> _Work instruction_:
An exact transcription of all the entries is needed; pictures stay out.

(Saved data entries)

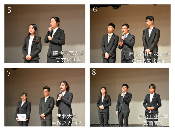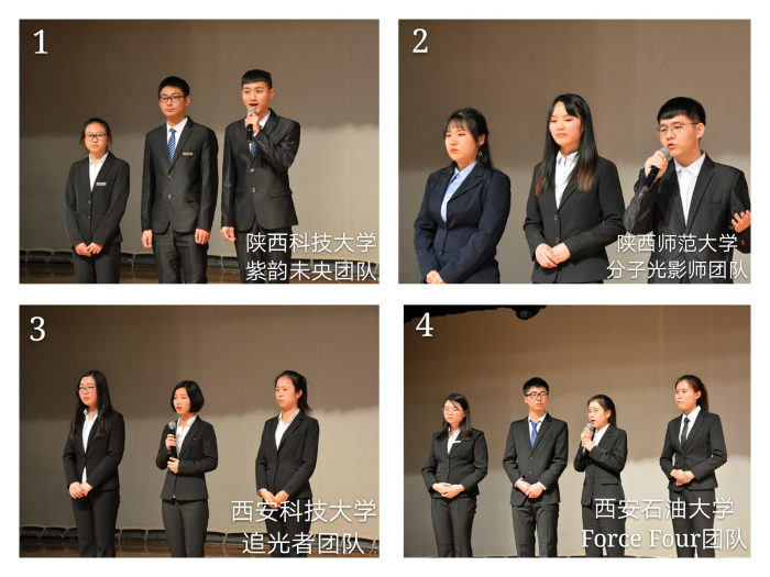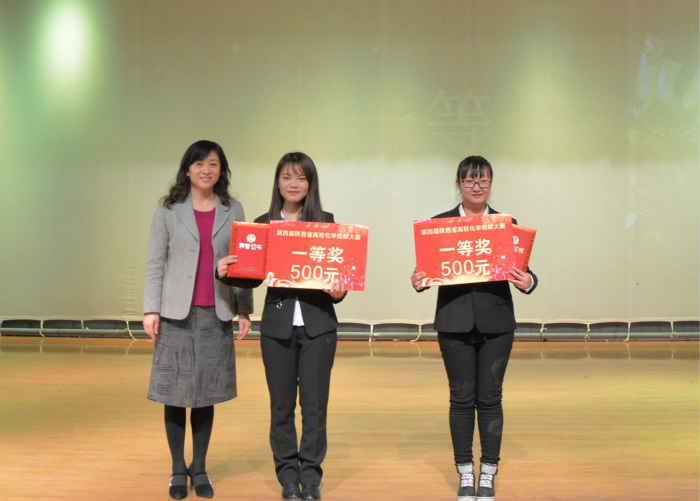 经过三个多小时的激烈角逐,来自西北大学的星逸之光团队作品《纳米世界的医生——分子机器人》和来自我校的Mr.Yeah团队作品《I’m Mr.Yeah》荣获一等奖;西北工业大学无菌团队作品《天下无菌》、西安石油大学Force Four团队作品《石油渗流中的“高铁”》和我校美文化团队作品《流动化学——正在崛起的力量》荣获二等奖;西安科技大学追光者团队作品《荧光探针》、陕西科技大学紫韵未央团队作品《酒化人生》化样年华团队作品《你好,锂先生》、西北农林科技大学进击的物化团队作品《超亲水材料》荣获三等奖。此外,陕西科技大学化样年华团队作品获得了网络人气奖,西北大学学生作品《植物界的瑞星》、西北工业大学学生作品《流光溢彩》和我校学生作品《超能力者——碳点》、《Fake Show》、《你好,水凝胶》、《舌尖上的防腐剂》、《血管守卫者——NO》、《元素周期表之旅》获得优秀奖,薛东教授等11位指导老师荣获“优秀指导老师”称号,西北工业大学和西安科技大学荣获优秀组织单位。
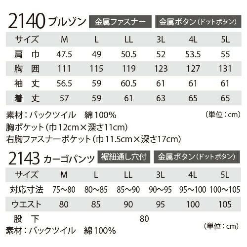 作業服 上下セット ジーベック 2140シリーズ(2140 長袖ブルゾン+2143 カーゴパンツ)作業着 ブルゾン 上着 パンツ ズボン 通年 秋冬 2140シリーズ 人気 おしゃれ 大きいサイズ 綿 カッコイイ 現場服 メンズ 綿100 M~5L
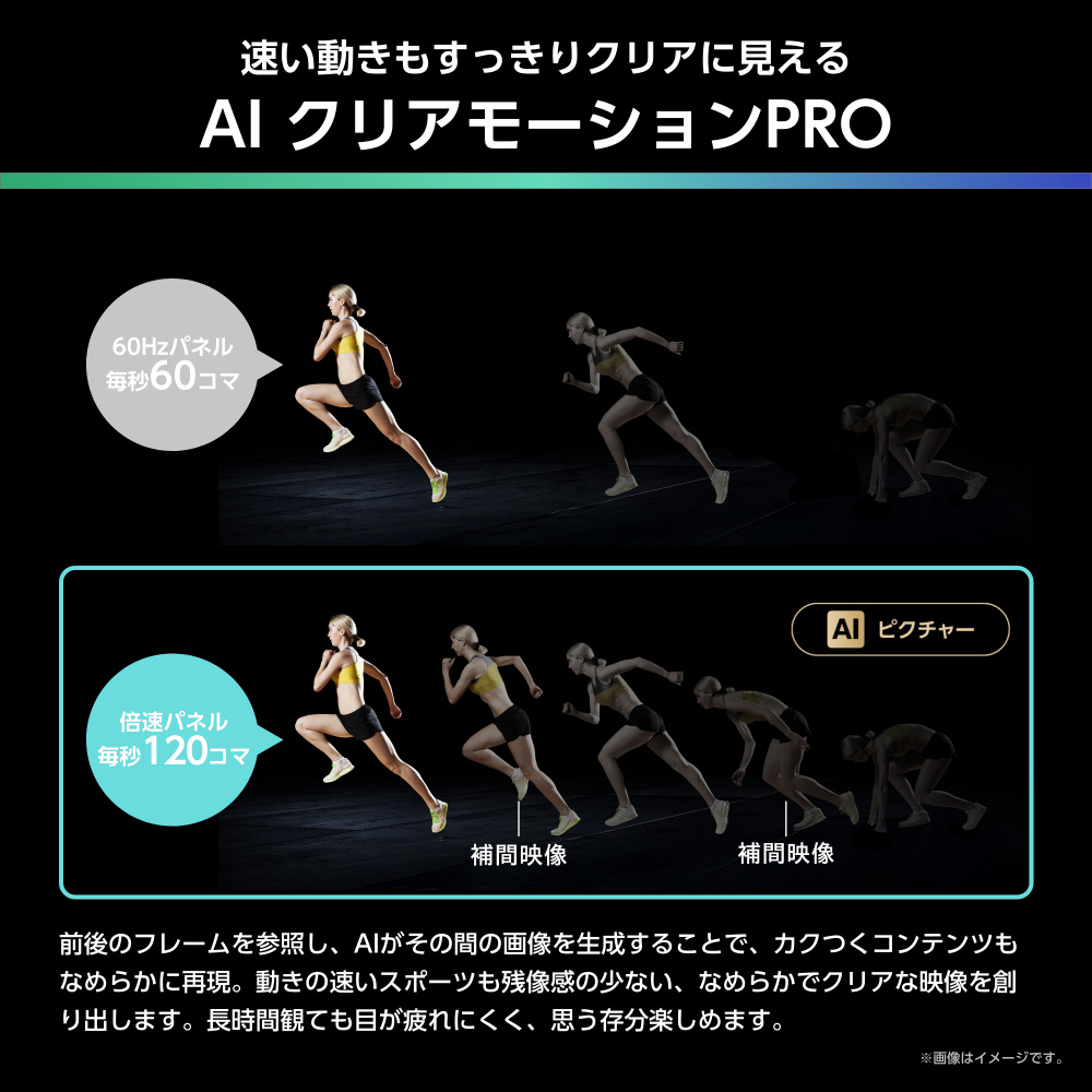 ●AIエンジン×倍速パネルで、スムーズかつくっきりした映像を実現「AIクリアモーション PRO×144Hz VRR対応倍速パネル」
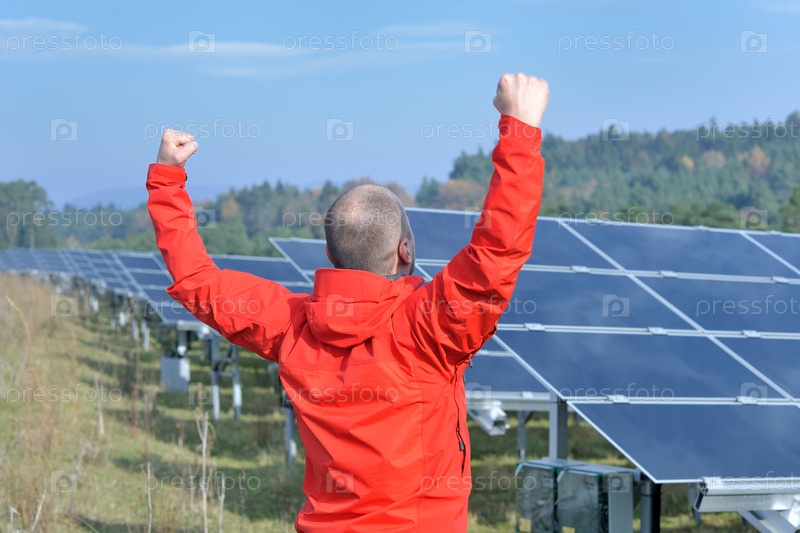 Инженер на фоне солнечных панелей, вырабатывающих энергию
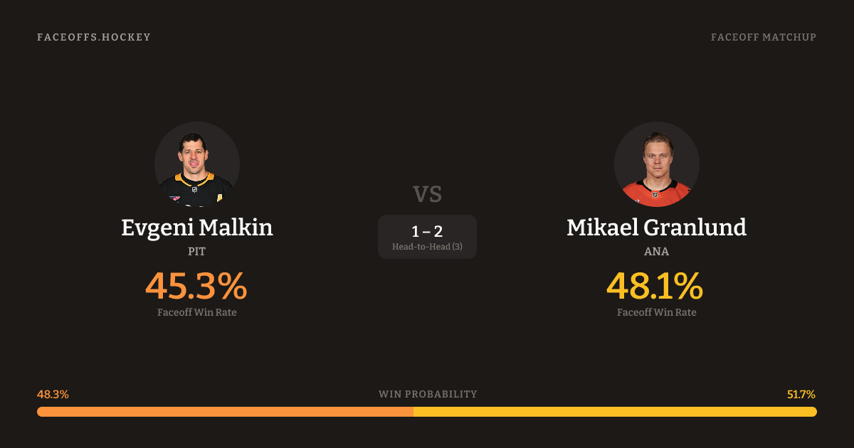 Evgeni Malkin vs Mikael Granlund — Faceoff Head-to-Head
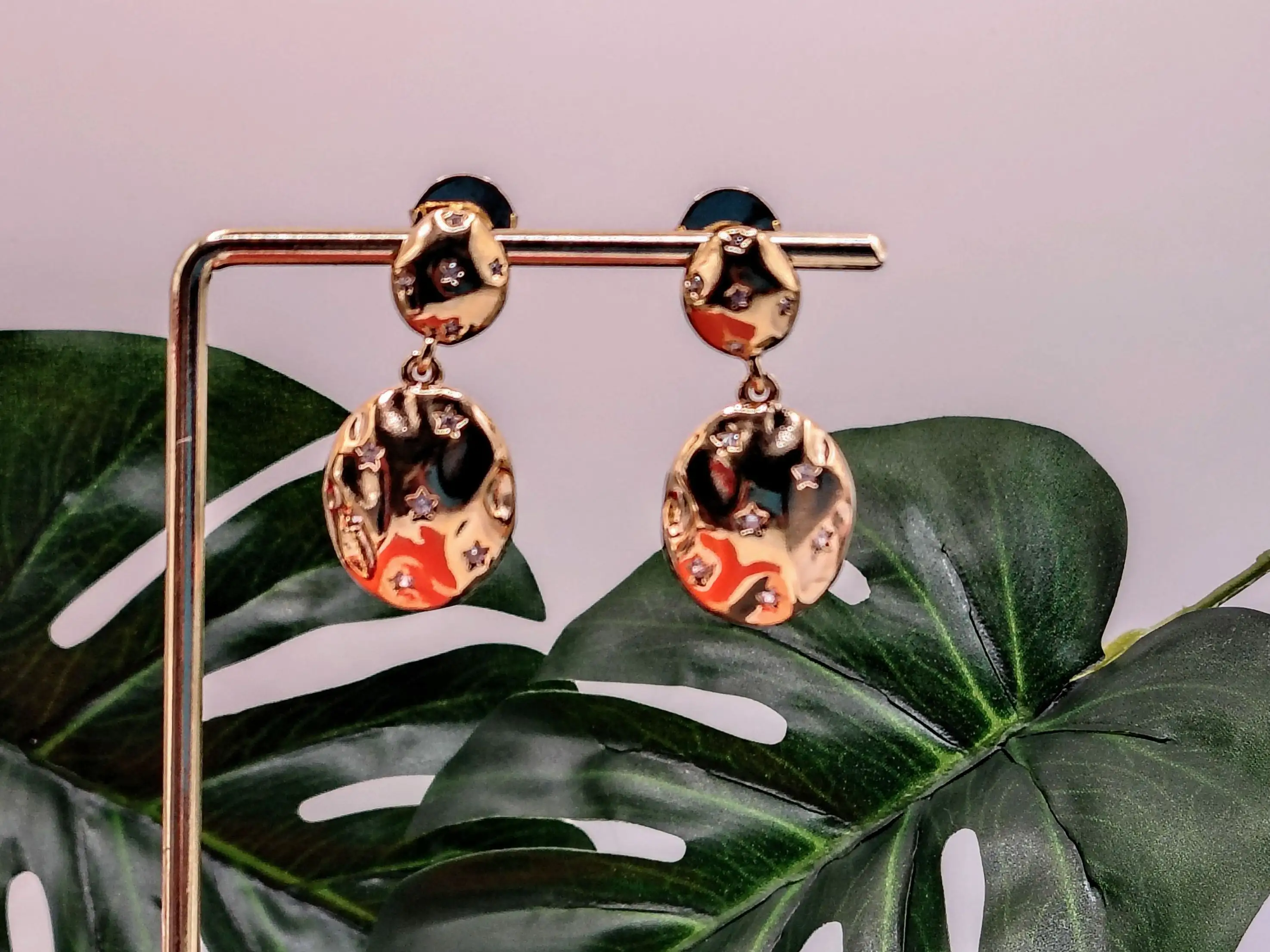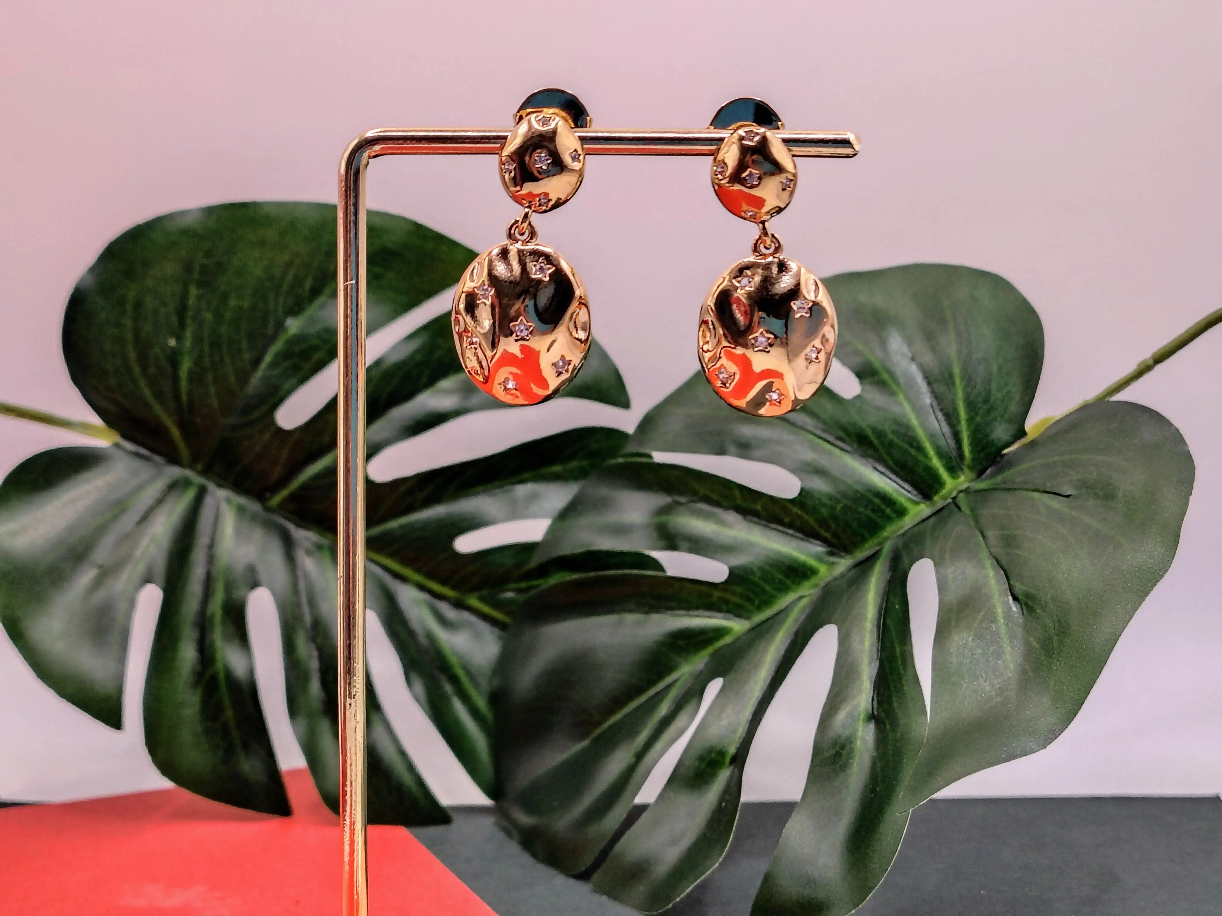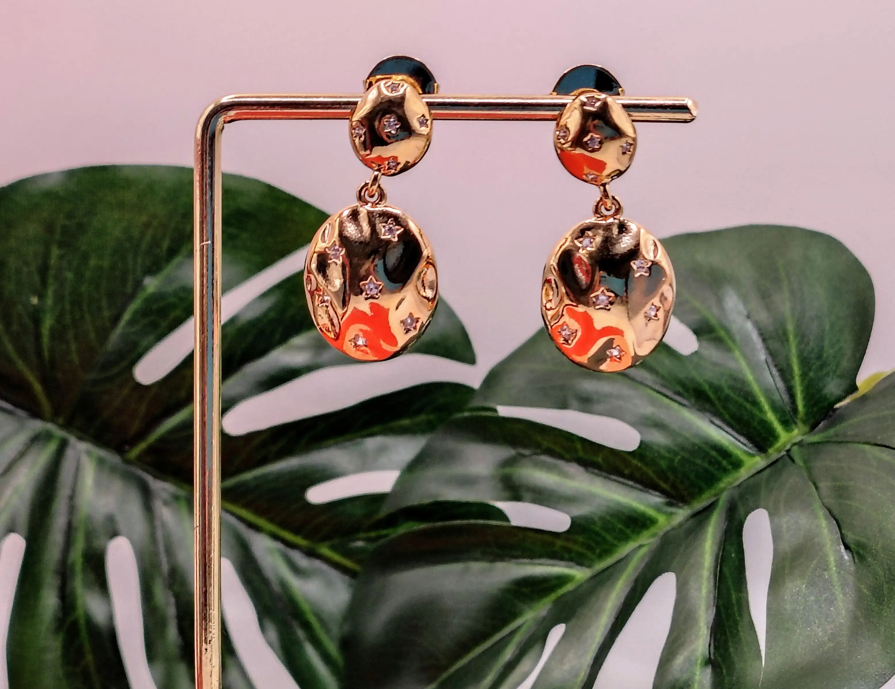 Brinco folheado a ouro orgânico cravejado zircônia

> _Result of this exercise_:
 经过三个多小时的激烈角逐,来自西北大学的星逸之光团队作品《纳米世界的医生——分子机器人》和来自我校的Mr.Yeah团队作品《I’m Mr.Yeah》荣获一等奖;西北工业大学无菌团队作品《天下无菌》、西安石油大学Force Four团队作品《石油渗流中的“高铁”》和我校美文化团队作品《流动化学——正在崛起的力量》荣获二等奖;西安科技大学追光者团队作品《荧光探针》、陕西科技大学紫韵未央团队作品《酒化人生》化样年华团队作品《你好,锂先生》、西北农林科技大学进击的物化团队作品《超亲水材料》荣获三等奖。此外,陕西科技大学化样年华团队作品获得了网络人气奖,西北大学学生作品《植物界的瑞星》、西北工业大学学生作品《流光溢彩》和我校学生作品《超能力者——碳点》、《Fake Show》、《你好,水凝胶》、《舌尖上的防腐剂》、《血管守卫者——NO》、《元素周期表之旅》获得优秀奖,薛东教授等11位指导老师荣获“优秀指导老师”称号,西北工业大学和西安科技大学荣获优秀组织单位。
 作業服 上下セット ジーベック 2140シリーズ(2140 長袖ブルゾン+2143 カーゴパンツ)作業着 ブルゾン 上着 パンツ ズボン 通年 秋冬 2140シリーズ 人気 おしゃれ 大きいサイズ 綿 カッコイイ 現場服 メンズ 綿100 M~5L
 ●AIエンジン×倍速パネルで、スムーズかつくっきりした映像を実現「AIクリアモーション PRO×144Hz VRR対応倍速パネル」
 Инженер на фоне солнечных панелей, вырабатывающих энергию
 Evgeni Malkin vs Mikael Granlund — Faceoff Head-to-Head
 Brinco folheado a ouro orgânico cravejado zircônia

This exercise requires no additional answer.